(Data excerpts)
------

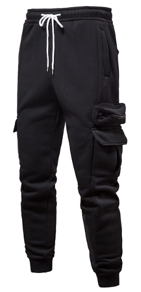 Sweatpants: Good elastic waistband with drawstring, elastic tapered legs, multiple pockets, 2 deep front and rear pockets, can be paired with two large pockets with flaps and a small zippered large pocket to keep your personal valuables safe.
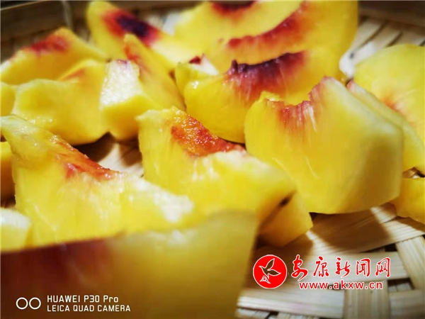 “這桃子好著呢,脆甜。這一年整地、上化肥、修枝、打藥、摘果子...都請我?guī)兔Γ夷昙o(jì)大了,出去打工也沒地兒去,一年給他們幫忙,還能掙個好幾千塊呢!”正在砍草的村民張定財說道。
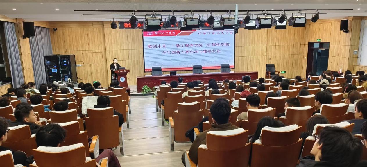 11月27日晚,数字媒体学院(计算机学院)在文昌楼303学术报告厅召开中国国际大学生创新大赛(2026)启动与辅导大会。学院教学负责人、竞赛办公室负责人、相关指导教师及学生代表200余人参加会议。
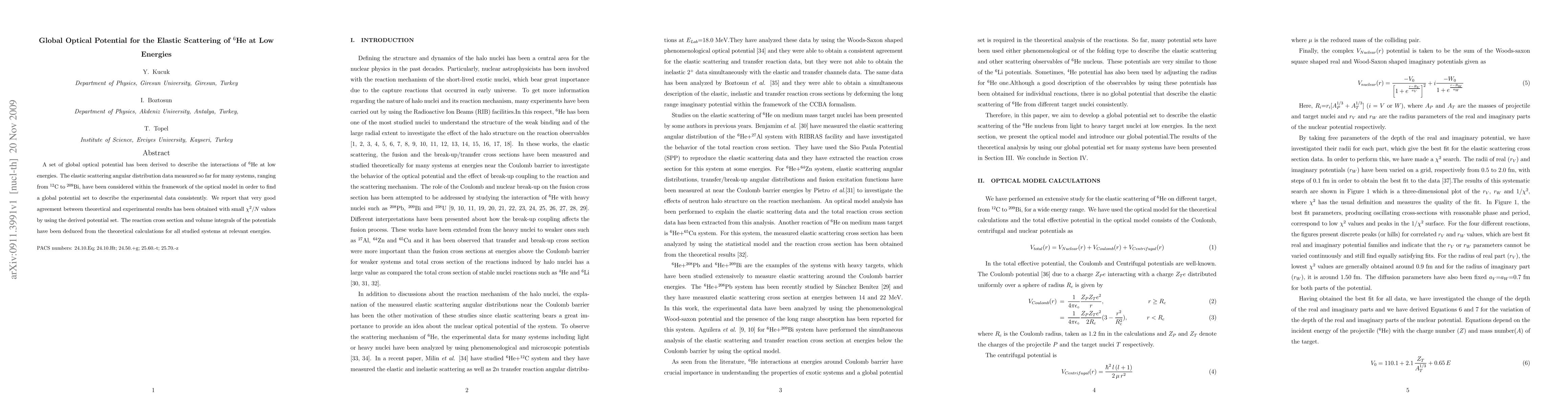 The paper presents a novel global optical potential set for $^{6}$He elastic scattering at low energies, derived by analyzing a wide range of experimental elastic scattering data from various targets.
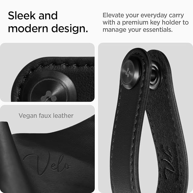 [Spigen] Valentinus キーホルダー レザーキーオーガナイザー ミニリストコンパクトキーホルダー キーリング付き ブラック
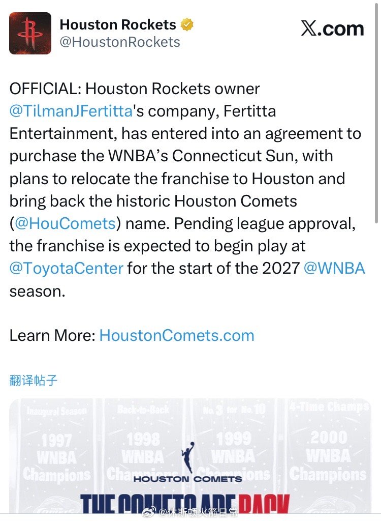 火箭官方官宣老板费尔蒂塔收购WNBA太阳队成功,将把球队迁往休斯顿,并改回休斯顿彗星队
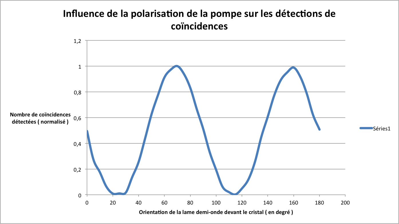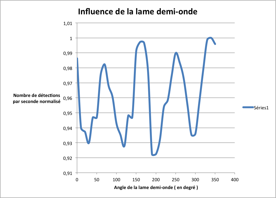 On voit que le nombre de détections ( en ayant enlevé les cubes PBS ) ne varie presque pas ( 7% d'écart au maximum ). Cela pourrait s'interpréter comme le fait que la source émet bien un mélange de paires de photons de polarisation verticale et de paires de photons de polarisation horizontale.
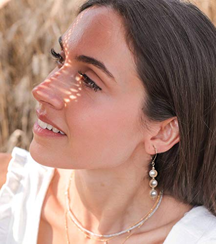 14K Gold Plated Round Bead Ball Drop Earrings for Women Minimal Lightweight Long Dangling Dangle Hoop Wedding Earrings for Brides Bridesmaid Prom Anniversary 7
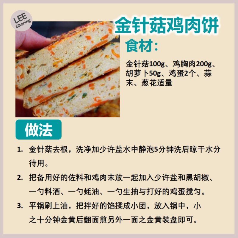 👉金针菇鸡肉饼
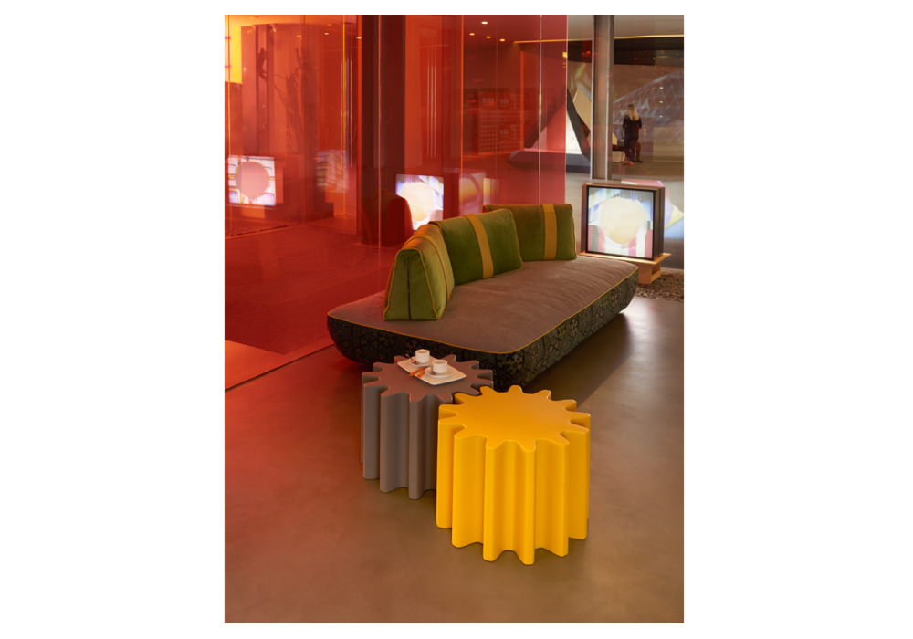 Gear firmato da Anastasia Ivanyuk per Slide è uno sgabello o tavolino realizzato in polietilene con la tecnica dello stampaggio rotazionale. Gear, essendo modulare su può utilizzare incastrando e sovrapponendo più elementi, come fossero veri ingranaggi, dando vita a composizioni giocose e colorate, per dare un tocco di originalità a tutte le tipologie di ambienti. Disponibile in diverse finiture.

------

## What the exercise asks
Instructions for the copy: start at the first entry, stop after the line containing "11月27日晚,数字媒体学院", keep every line exact, and drop the pictures.

## Output below
 Sweatpants: Good elastic waistband with drawstring, elastic tapered legs, multiple pockets, 2 deep front and rear pockets, can be paired with two large pockets with flaps and a small zippered large pocket to keep your personal valuables safe.
 “這桃子好著呢,脆甜。這一年整地、上化肥、修枝、打藥、摘果子...都請我?guī)兔Γ夷昙o(jì)大了,出去打工也沒地兒去,一年給他們幫忙,還能掙個好幾千塊呢!”正在砍草的村民張定財說道。
 11月27日晚,数字媒体学院(计算机学院)在文昌楼303学术报告厅召开中国国际大学生创新大赛(2026)启动与辅导大会。学院教学负责人、竞赛办公室负责人、相关指导教师及学生代表200余人参加会议。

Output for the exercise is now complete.